• [ASSIGNMENT]
In the entries below, find the line with "お正月の家族団欒 おせち" and the line with "Lot of 252= ''32"; copy them and every line between them exactly, but not the pictures.

• [DATA FOR THE TASK]
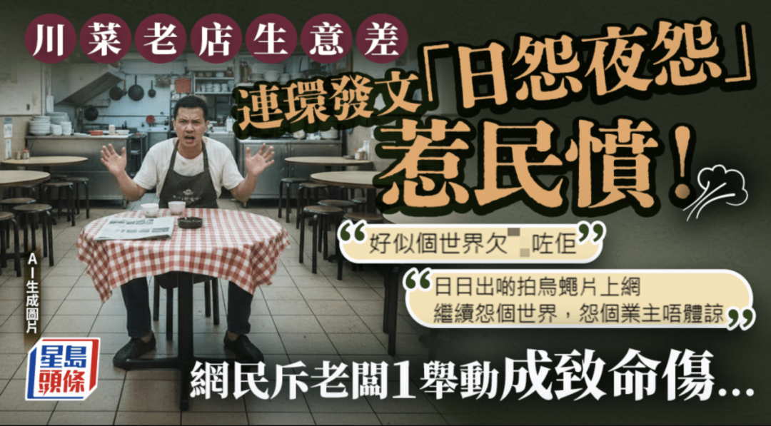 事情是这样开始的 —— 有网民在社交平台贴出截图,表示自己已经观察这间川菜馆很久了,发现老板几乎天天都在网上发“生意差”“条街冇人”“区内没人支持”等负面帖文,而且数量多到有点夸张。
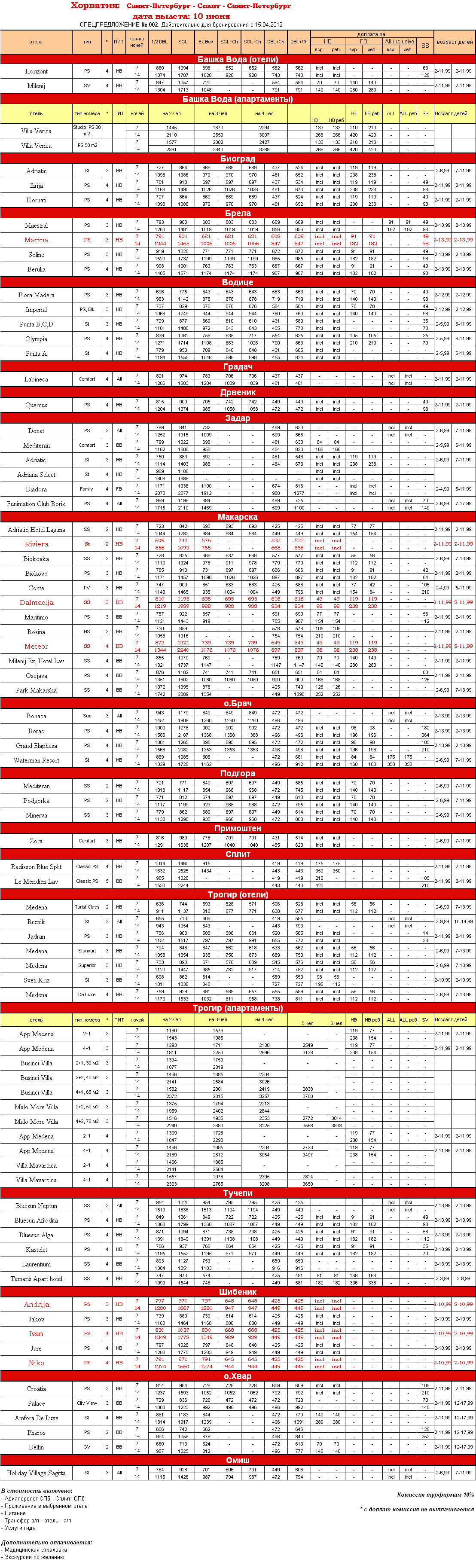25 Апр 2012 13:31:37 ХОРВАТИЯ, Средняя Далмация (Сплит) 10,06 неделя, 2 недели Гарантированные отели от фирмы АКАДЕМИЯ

* * *

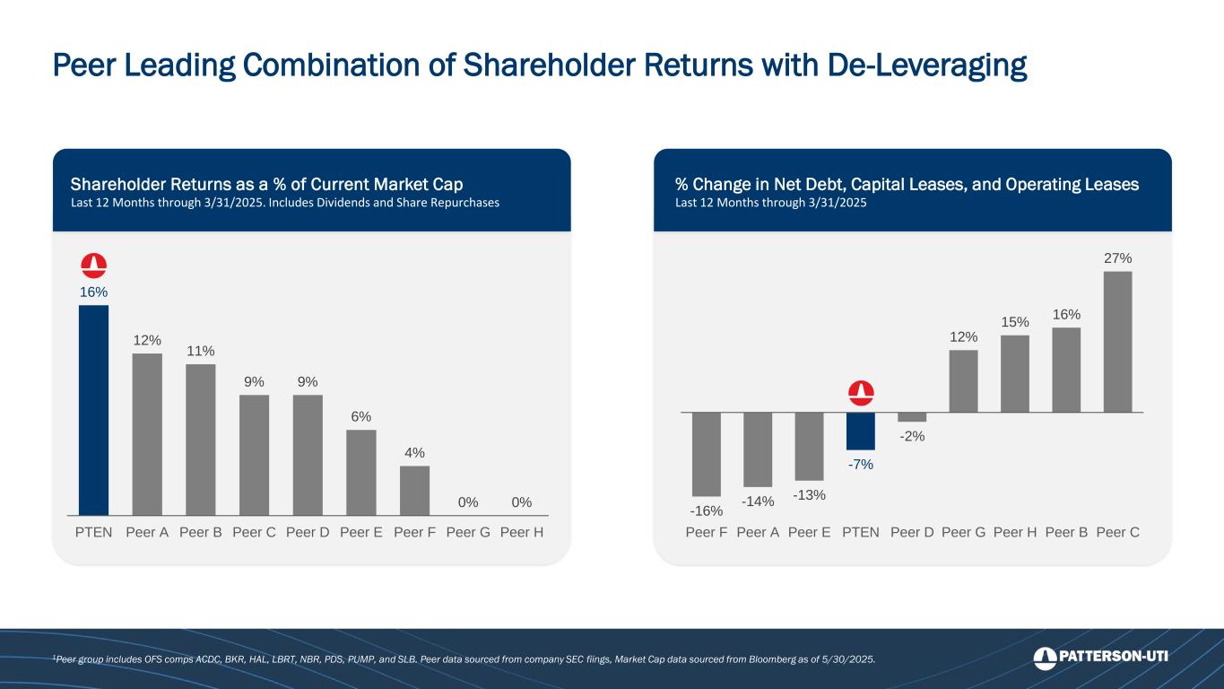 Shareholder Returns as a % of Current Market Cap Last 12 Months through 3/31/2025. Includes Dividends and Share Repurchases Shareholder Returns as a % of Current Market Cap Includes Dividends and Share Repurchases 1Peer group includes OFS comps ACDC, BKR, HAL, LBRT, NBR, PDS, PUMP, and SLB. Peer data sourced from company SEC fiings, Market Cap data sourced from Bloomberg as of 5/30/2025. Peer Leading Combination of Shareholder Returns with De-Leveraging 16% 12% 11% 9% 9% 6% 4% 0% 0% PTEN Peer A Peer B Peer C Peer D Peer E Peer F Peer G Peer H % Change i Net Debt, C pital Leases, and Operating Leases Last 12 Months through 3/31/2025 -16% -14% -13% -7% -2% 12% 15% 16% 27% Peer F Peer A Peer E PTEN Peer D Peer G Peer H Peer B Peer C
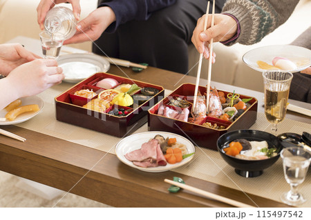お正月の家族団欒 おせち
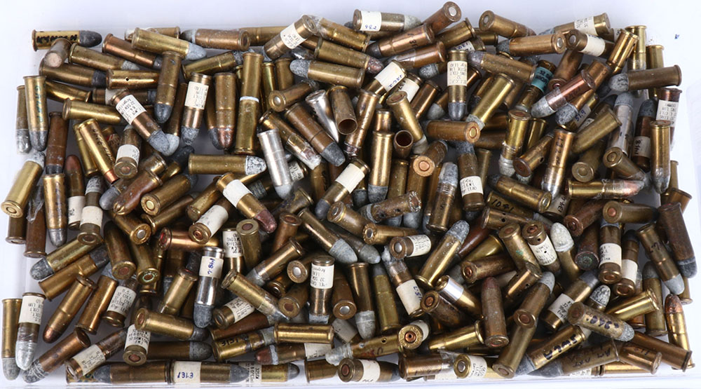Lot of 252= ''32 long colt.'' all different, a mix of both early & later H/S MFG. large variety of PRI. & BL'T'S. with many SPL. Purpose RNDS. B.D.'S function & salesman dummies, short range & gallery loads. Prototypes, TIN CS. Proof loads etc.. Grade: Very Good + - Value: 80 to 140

• [REPLY]
お正月の家族団欒 おせち
Lot of 252= ''32 long colt.'' all different, a mix of both early & later H/S MFG. large variety of PRI. & BL'T'S. with many SPL. Purpose RNDS. B.D.'S function & salesman dummies, short range & gallery loads. Prototypes, TIN CS. Proof loads etc.. Grade: Very Good + - Value: 80 to 140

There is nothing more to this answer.